- RECORDS SUPPLIED
○ ○ ○ ○ ○

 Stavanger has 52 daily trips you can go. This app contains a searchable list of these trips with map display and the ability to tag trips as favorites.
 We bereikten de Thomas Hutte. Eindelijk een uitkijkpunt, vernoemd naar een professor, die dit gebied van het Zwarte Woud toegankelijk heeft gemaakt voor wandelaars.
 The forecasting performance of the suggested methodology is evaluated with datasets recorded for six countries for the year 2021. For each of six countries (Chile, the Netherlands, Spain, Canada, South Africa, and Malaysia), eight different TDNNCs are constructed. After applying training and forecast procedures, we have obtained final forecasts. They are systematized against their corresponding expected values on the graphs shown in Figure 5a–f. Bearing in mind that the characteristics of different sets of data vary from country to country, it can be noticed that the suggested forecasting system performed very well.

○ ○ ○ ○ ○

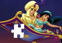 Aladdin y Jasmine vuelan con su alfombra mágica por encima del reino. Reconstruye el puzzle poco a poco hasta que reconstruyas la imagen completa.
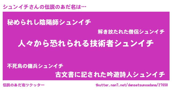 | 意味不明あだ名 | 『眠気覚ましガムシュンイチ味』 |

○ ○ ○ ○ ○

- DIRECTIONS
Reproduce verbatim only the segment of the listing bounded by the line containing "Stavanger has 52" and the line containing "We bereikten de", with both boundary lines included.

- ANSWER AREA
 Stavanger has 52 daily trips you can go. This app contains a searchable list of these trips with map display and the ability to tag trips as favorites.
 We bereikten de Thomas Hutte. Eindelijk een uitkijkpunt, vernoemd naar een professor, die dit gebied van het Zwarte Woud toegankelijk heeft gemaakt voor wandelaars.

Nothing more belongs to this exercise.